## Given records
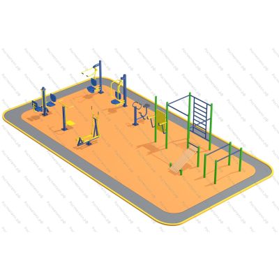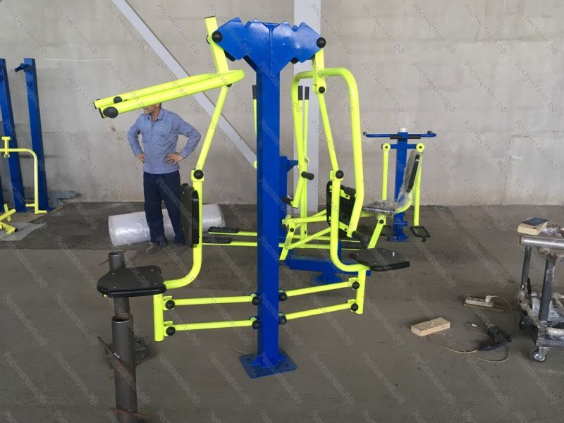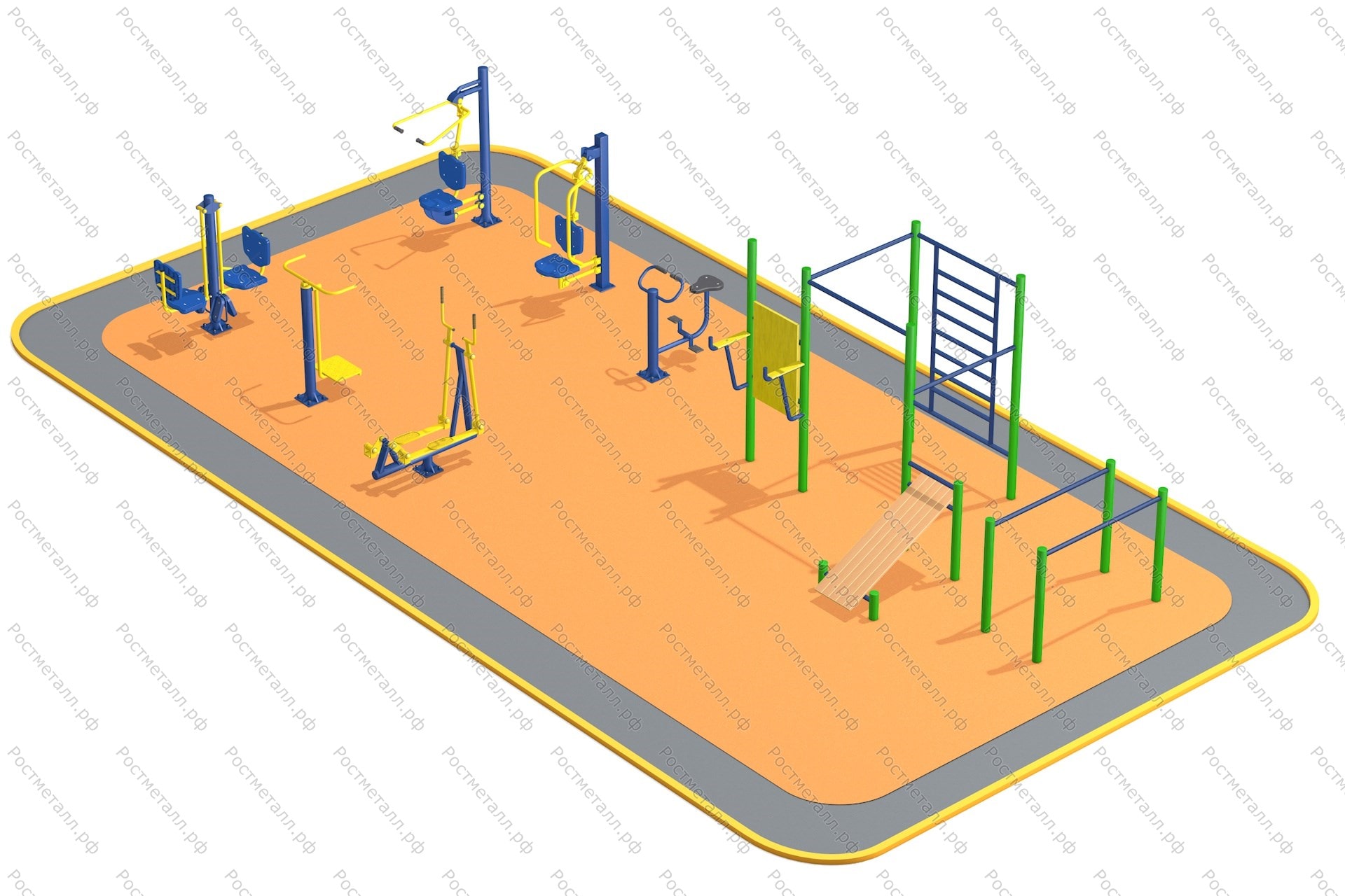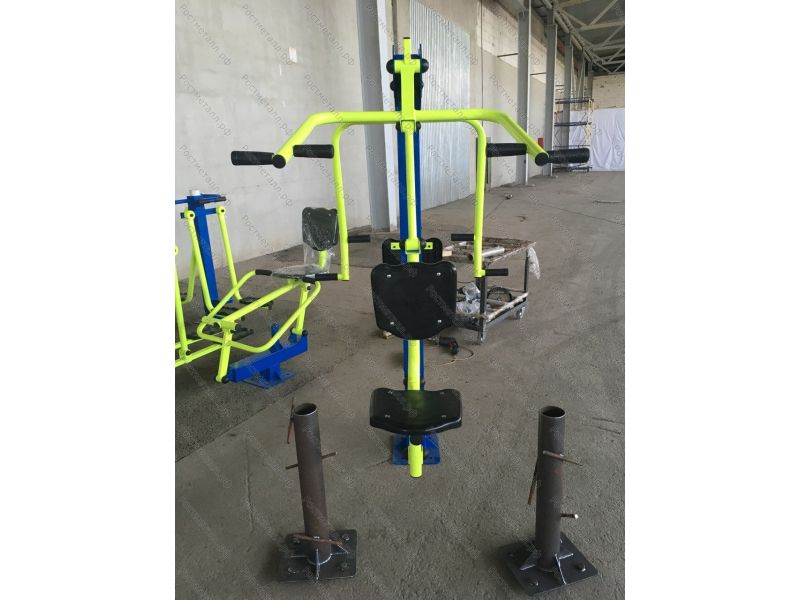 Комплектация тренажеров : Верхняя тяга 02, Маятник, Эллипс, Жим ногами сдвоенный, Велосипед, Нижняя тяга;
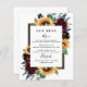 Le design présente d'élégants roses d'aquarelle, des pivoines, des fleurs sauvages et des tournesols dans différentes nuances de rouge bordeaux, bleu marine et plus sur une couronne de verdure d'eucalyptus. Le design comprend également un cadre en bois de grange sous la couronne. Une disposition de police unique complète le design général. Vous pouvez modifier la couleur arrière - plan sur l'avant et l'arrière en fonction de la couleur de votre choix ou laisser les deux sur le blanc. Visualisez la collection sur cette page pour trouver les produits de papeterie mariages correspondants.
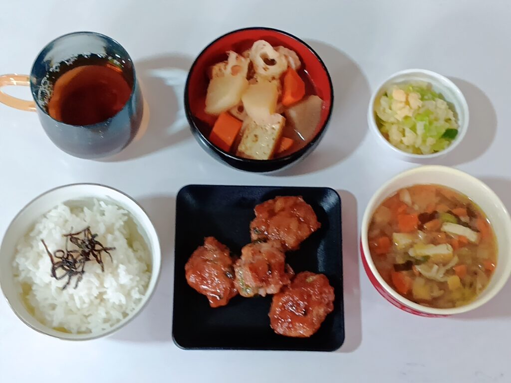 2025年9月25日 / 最終更新日時 : 2025年9月25日 honchomatsu3bell 今日のお昼ごはん 日替わりランチ豚こま団子根菜の煮物野菜たっぷりお味噌汁玉子キャベツサラダごはんFacebookXBlueskyHatenaCopy
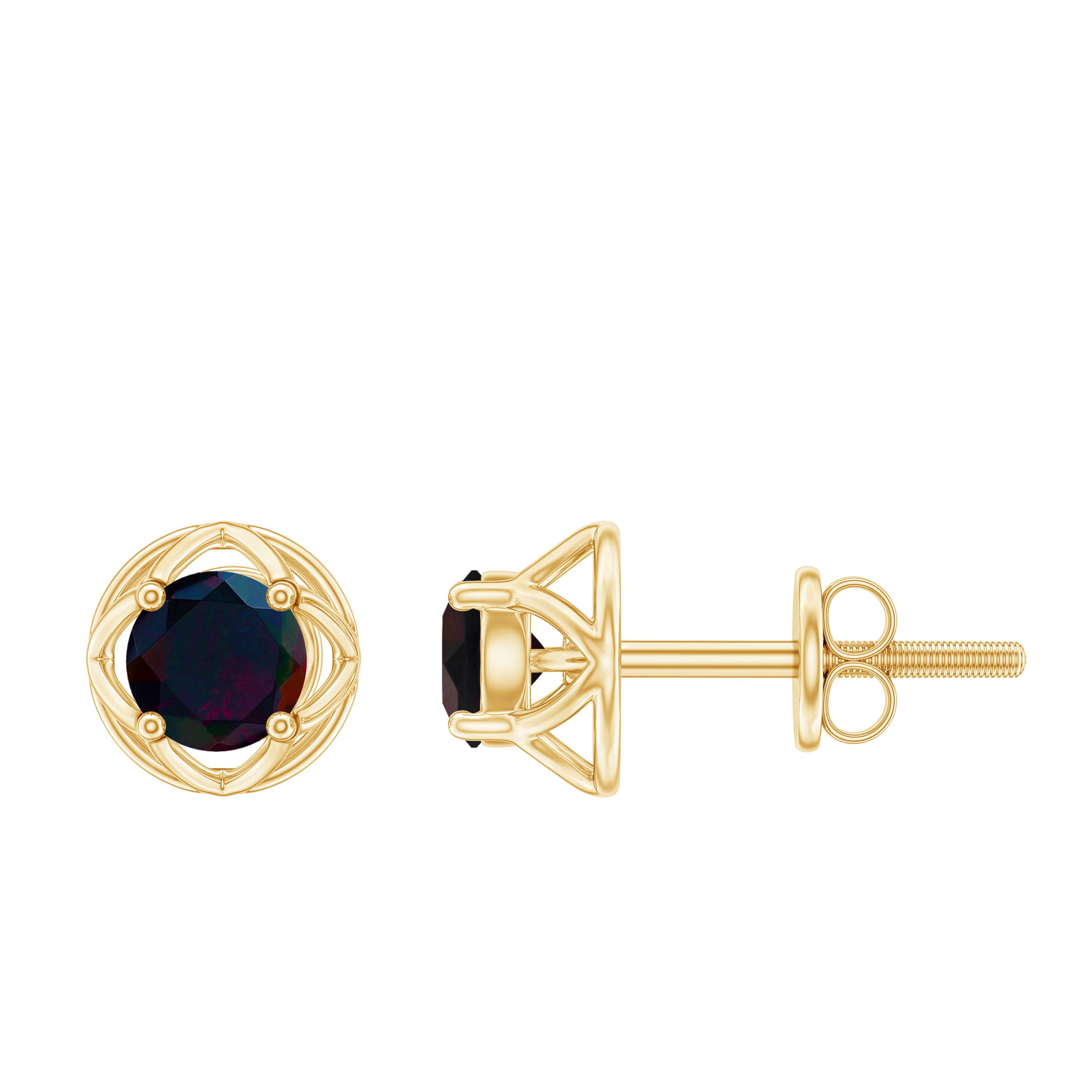 These Solitaire Floral Stud Earrings are the perfect way to add a touch of feminine elegance to your style. Adorned with Round Shape Black Opal in Prong Setting, these Stud Earrings come with Screw Back Closure. The floral design adds a delicate and charming touch to these earrings. These earrings are crafted from gold metal, ensuring they will be a cherished addition to your jewelry collection.
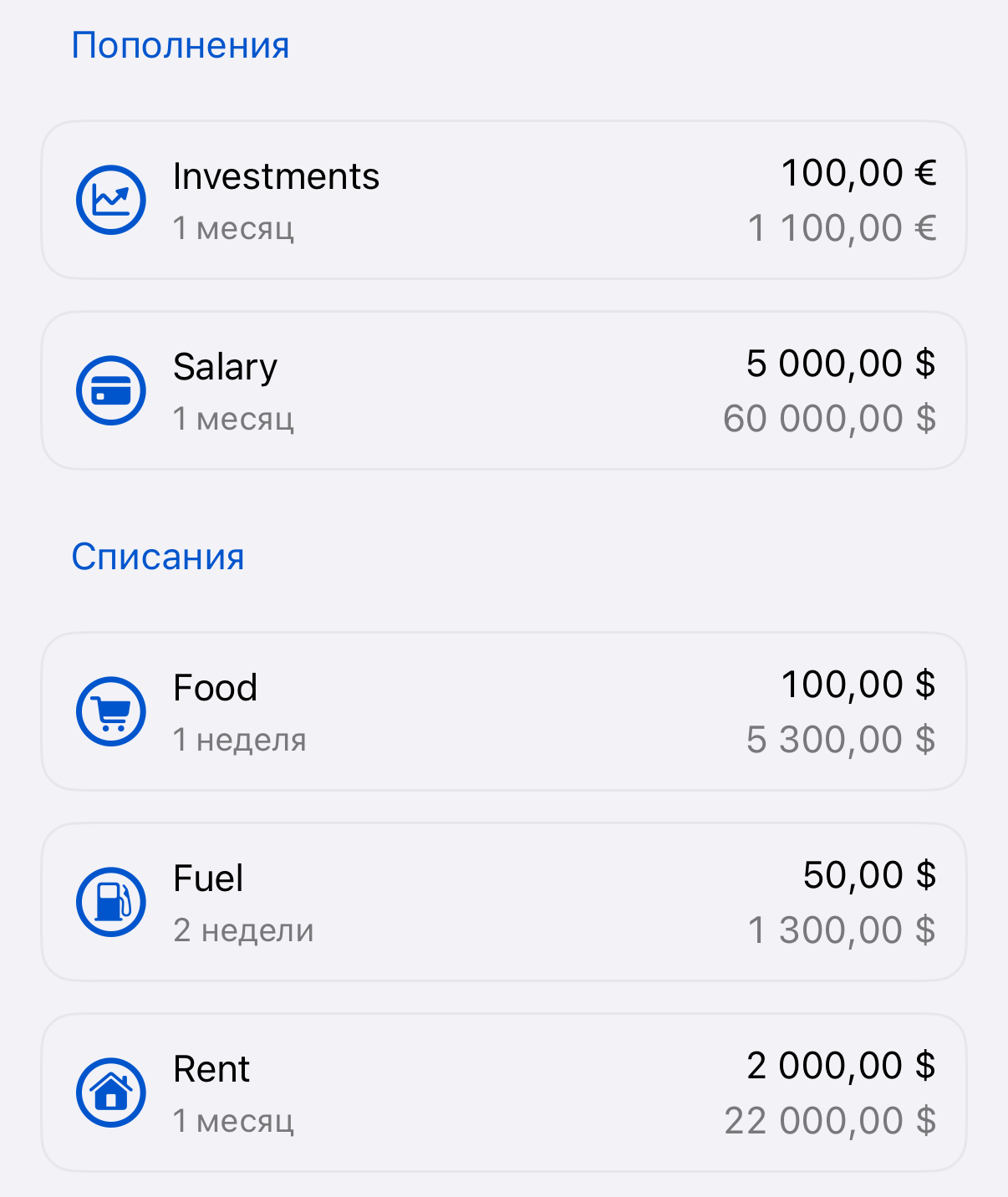 Вы можете зарегистрировать кошельки для всех своих счетов, банковских карт и даже наличных. Выбирайте нужную вам валюту или криптовалюту для каждого кошелька отдельно. Общий баланс автоматически суммируется по каждой валюте. Изменение баланса выполняется одним простым действием.
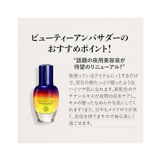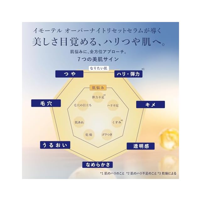 イモーテル オーバーナイトリセットセラム(夜用美容液)のレフィル(詰め替え用) 肌がゆらぎがちな季節の変わり目にもたっぷり眠った翌朝のようなツヤのある肌へ。
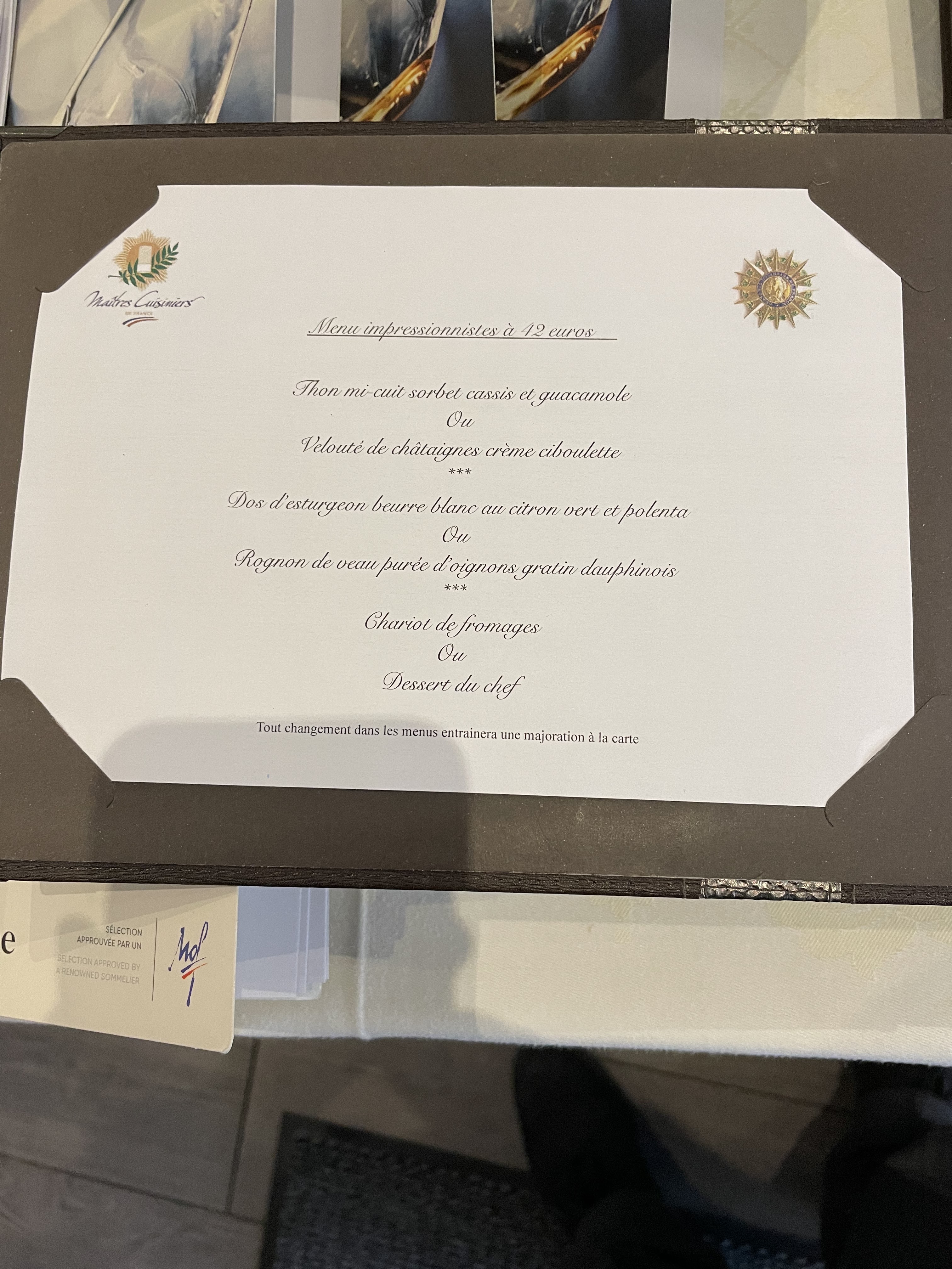 Très belle soirée. Menu à 55€. Service agréable que ce soit par la serveuse ou la patronne. Pas de prise de vin pour nous. Cocktail adapté ainsi que le dessert. Vue sur la Seine, le vieux pont (historique) et les îles. Merci.
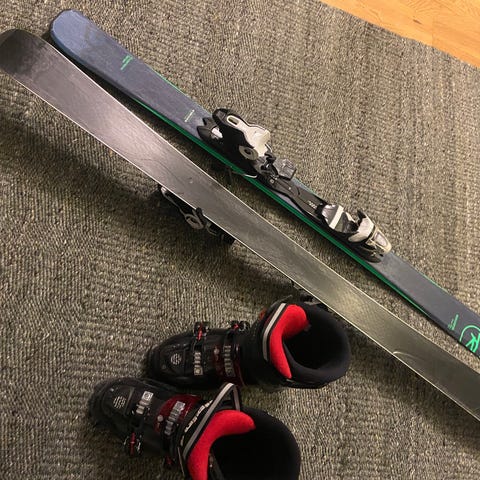 Powah alpinskidor med bindningar vit rosa. Bindningar Rossignol
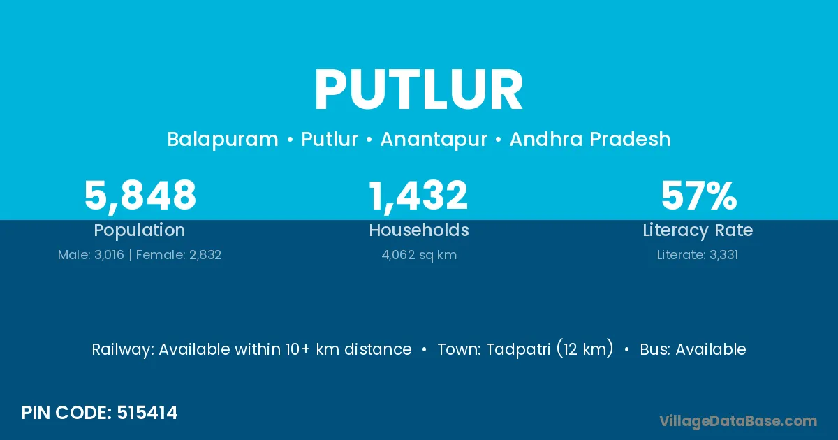Putlur village has a total population of 6,047 people, of which 3,088 are males and 2,959 are females.

## Try it
Please repeat, exactly and with nothing else, the lines from the one containing "Le design présente" to the last line of the entries, both included, excluding any pictures.

## The completed task
 Le design présente d'élégants roses d'aquarelle, des pivoines, des fleurs sauvages et des tournesols dans différentes nuances de rouge bordeaux, bleu marine et plus sur une couronne de verdure d'eucalyptus. Le design comprend également un cadre en bois de grange sous la couronne. Une disposition de police unique complète le design général. Vous pouvez modifier la couleur arrière - plan sur l'avant et l'arrière en fonction de la couleur de votre choix ou laisser les deux sur le blanc. Visualisez la collection sur cette page pour trouver les produits de papeterie mariages correspondants.
 2025年9月25日 / 最終更新日時 : 2025年9月25日 honchomatsu3bell 今日のお昼ごはん 日替わりランチ豚こま団子根菜の煮物野菜たっぷりお味噌汁玉子キャベツサラダごはんFacebookXBlueskyHatenaCopy
 These Solitaire Floral Stud Earrings are the perfect way to add a touch of feminine elegance to your style. Adorned with Round Shape Black Opal in Prong Setting, these Stud Earrings come with Screw Back Closure. The floral design adds a delicate and charming touch to these earrings. These earrings are crafted from gold metal, ensuring they will be a cherished addition to your jewelry collection.
 Вы можете зарегистрировать кошельки для всех своих счетов, банковских карт и даже наличных. Выбирайте нужную вам валюту или криптовалюту для каждого кошелька отдельно. Общий баланс автоматически суммируется по каждой валюте. Изменение баланса выполняется одним простым действием.
 イモーテル オーバーナイトリセットセラム(夜用美容液)のレフィル(詰め替え用) 肌がゆらぎがちな季節の変わり目にもたっぷり眠った翌朝のようなツヤのある肌へ。
 Très belle soirée. Menu à 55€. Service agréable que ce soit par la serveuse ou la patronne. Pas de prise de vin pour nous. Cocktail adapté ainsi que le dessert. Vue sur la Seine, le vieux pont (historique) et les îles. Merci.
 Powah alpinskidor med bindningar vit rosa. Bindningar Rossignol
Putlur village has a total population of 6,047 people, of which 3,088 are males and 2,959 are females.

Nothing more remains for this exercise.